«Le sport est un lieu politique»

Patrick Clastres Il aime la cuisine italienne et découvre les tables lausannoises, ici au Restau­rant Amici. © Pierre-Antoine Grisoni - Strates
Patrick Clastres
Il aime la cuisine italienne et découvre les tables lausannoises, ici au Restaurant Amici.
© Pierre-Antoine Grisoni – Strates

Investi par d’énormes attentes allant de l’économie à la religion, le sport se veut pourtant neutre. C’est sa force et sa faiblesse, estime le professeur Patrick Clastres.

Avant de venir à Lausanne, il a visité tout le spectre de l’Education nationale en France. Passant du collège en zone sensible à la préparation des jeunes voulant intégrer l’Ecole normale supérieure, il a initié en 2003 et codirigé le séminaire d’histoire du sport à Sciences Po Paris. L’historien Patrick Clastres ne veut pas se voir «réduit à son objet» et concède du bout des lèvres une pratique tennistique un temps semi-professionnelle. Du passé. Aujourd’hui, il ne revendique plus qu’une discipline, celle du pas de côté. Il décrypte le monde olympique avec prudence et refuse de se laisser engloutir dans son champ d’études. Cette indépendance n’implique nulle malveillance. Le discours dérangeant pouvant à ses yeux «aider le CIO à mieux comprendre sa culture d’entreprise», voire à «penser son futur», il est heureux de travailler à l’UNIL, dans un canton et une ville qui se trouvent être «l’omphalos», autrement dit le nombril grec donc le centre, non pas du monde, mais de la planète sport.
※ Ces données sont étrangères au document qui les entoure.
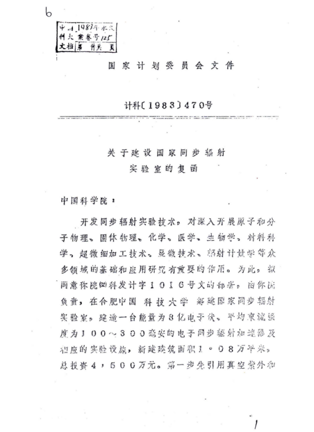 1983年4月8日,国家计委下发中国科学院《关于建设国家同步辐射实验室的复函》,正式批准我校建设国家同步辐射实验室。这是我国第一个“国家级的共用实验室”,实验室承担着我国高校中第一个大科学工程——合肥光源的建设。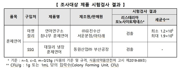 이 훈제연어는 가열하지 않고 포장만 뜯으면 바로 먹을 수 있는 식품이기 때문에 식중독균에 오염되면 더욱 위험할 수 있다고 합니다. 또, 한 제품은 일반 세균도 많아 부패하기 쉬운 상태였다고 합니다.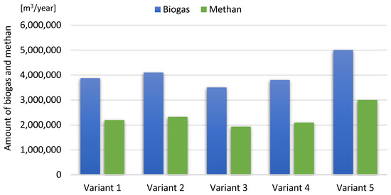 The simulation results (Table 5 and Figure 4 and Figure 5) show that the largest amount of biogas and methane, about 5 million m3/tons, will be generated if only kitchen waste is used as a substrate (Variant 5). From this substrate, the most m3 of biogas can be obtained from 1 ton of fresh mass (see Table 5). The smallest amount of biogas was produced from green waste (Variant 3), of about 3.5 million tons. The amount of biogas produced from silage (Variant 4) was lower than in Variant 1 and Variant 2, but the difference was relatively small and amounted to 2–5%.

Durant ses études, Patrick Clastres s’est intéressé à l’époque moderne puis à l’antiquité gréco-romaine, avant de conjuguer ses deux passions pour l’histoire et le sport en rédigeant sa thèse sous la forme d’une biographie politique de Pierre de Coubertin. Choisir cette spécialité marginale, comme historien, signifiait aussi pouvoir explorer un objet dont le retour programmé tous les quatre ans sur la scène mondiale ouvrait à la recherche un horizon presque inépuisable. Avec un projet déposé au FNS, le scientifique entend décrypter les discours et les parcours de 400 dirigeants du CIO entre 1942 et 1992. Il veut plonger dans un passé récent et tumultueux pour mieux comprendre l’institution et, pourquoi pas, l’aider à relever ses défis culturels et démocratiques, l’actuel président Thomas Bach proposant d’intégrer de nouveaux sports dans le programme des jeux et d’ouvrir la porte aux associations de défense des droits de l’Homme, considérées avec une grande méfiance jusqu’ici.
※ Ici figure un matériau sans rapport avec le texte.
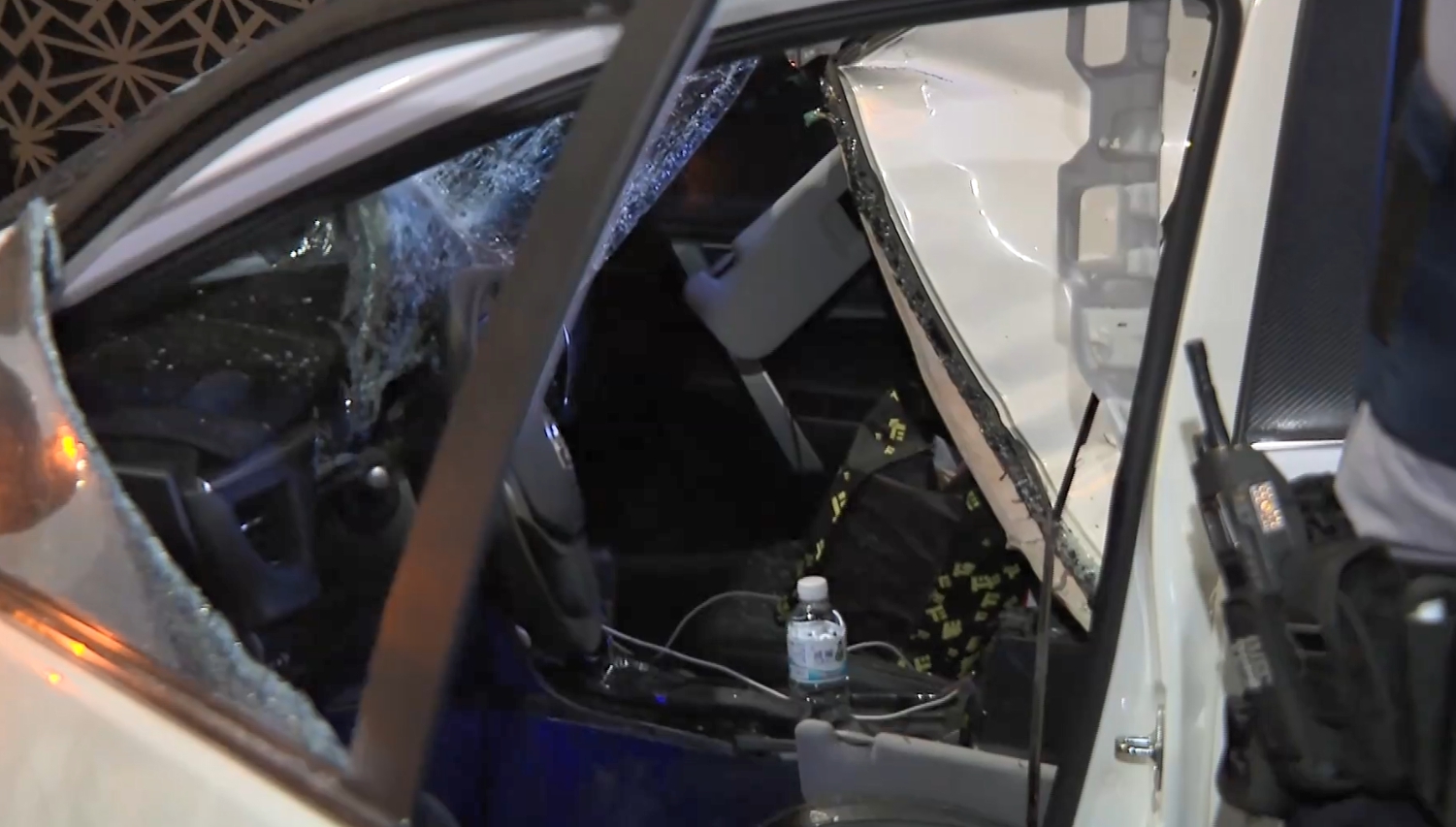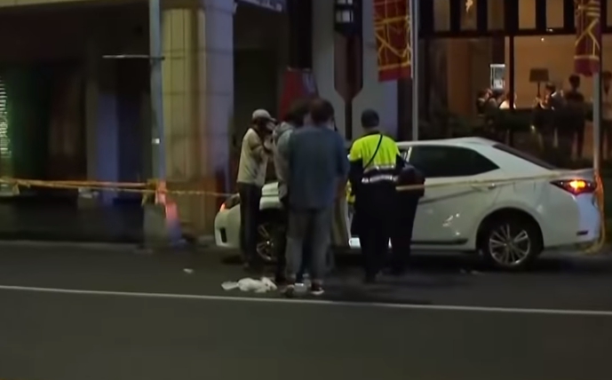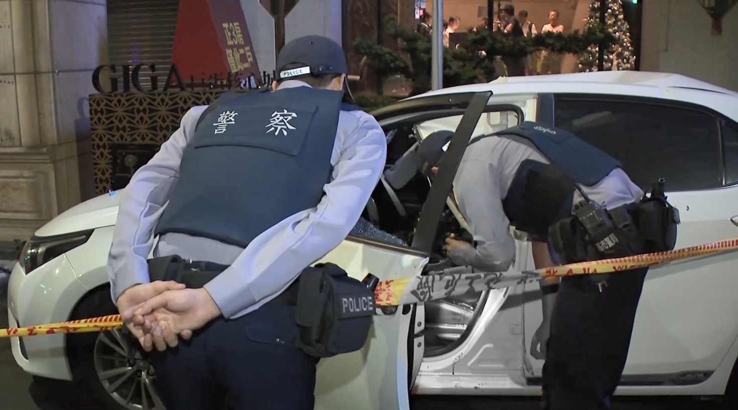 墜樓現場是在文信路這棟大樓的新建案前,凌晨1點多,一名男子突然從高處墜落,不偏不倚就摔在停在大樓前的這輛白色轎車上頭,巨大的撞擊力把車頂和前擋風玻璃處整個撞破,人再衝進轎車裡頭,碰的一聲巨響,讓大家都嚇壞了,轎車車主是這一位在附近上班的女子,出來查看時,整個人都嚇壞了。

La «politique de l’apolitisme» aurait-elle fait son temps ? «L’olympisme doit jouer un rôle dans l’évolution démocratique du monde. S’il s’en tient à un concept mou, il sera fatalement pénétré par les pires idéologies et théocraties. La neutralité est une faiblesse paradoxale pour une institution qui dispose d’une puissance symbolique planétaire. Par-delà les messages utopiques, le CIO pourrait être plus actif sur la question des droits de la personne en particulier.»

Qu’en est-il des «vieux sports» comme la lutte, l’escrime ou l’athlétisme ? Patrick Clastres pointe la désaffection d’une fraction importante de la jeunesse occidentale pour ces disciplines (au profit des sports de glisse ou de combats dans un «stade virtuel» par écrans interposés) et la réticence des démocraties à accueillir des événements économiquement risqués. L’historien rappelle cette double dimension du sport comme «conservatoire des traditions et laboratoire de la modernité». Il invite ses étudiants à décrypter les significations qui pèsent sur ce domaine considéré sous l’angle de la performance et d’une instance investie par l’économie, la médecine, la culture, la politique…

Père de trois enfants, Patrick Clastres est sincèrement intéressé par le regard des jeunes sur le monde et le sport tels qu’ils vont évoluer.

Un goût de l’enfance
Le pain grillé devant la braise de la cheminée.

Une ville de gout
Bilbao et ses pintxos, des tapas puissance mille.

Avec qui partager un repas
Le pianiste cubain de jazz Roberto Fonseca.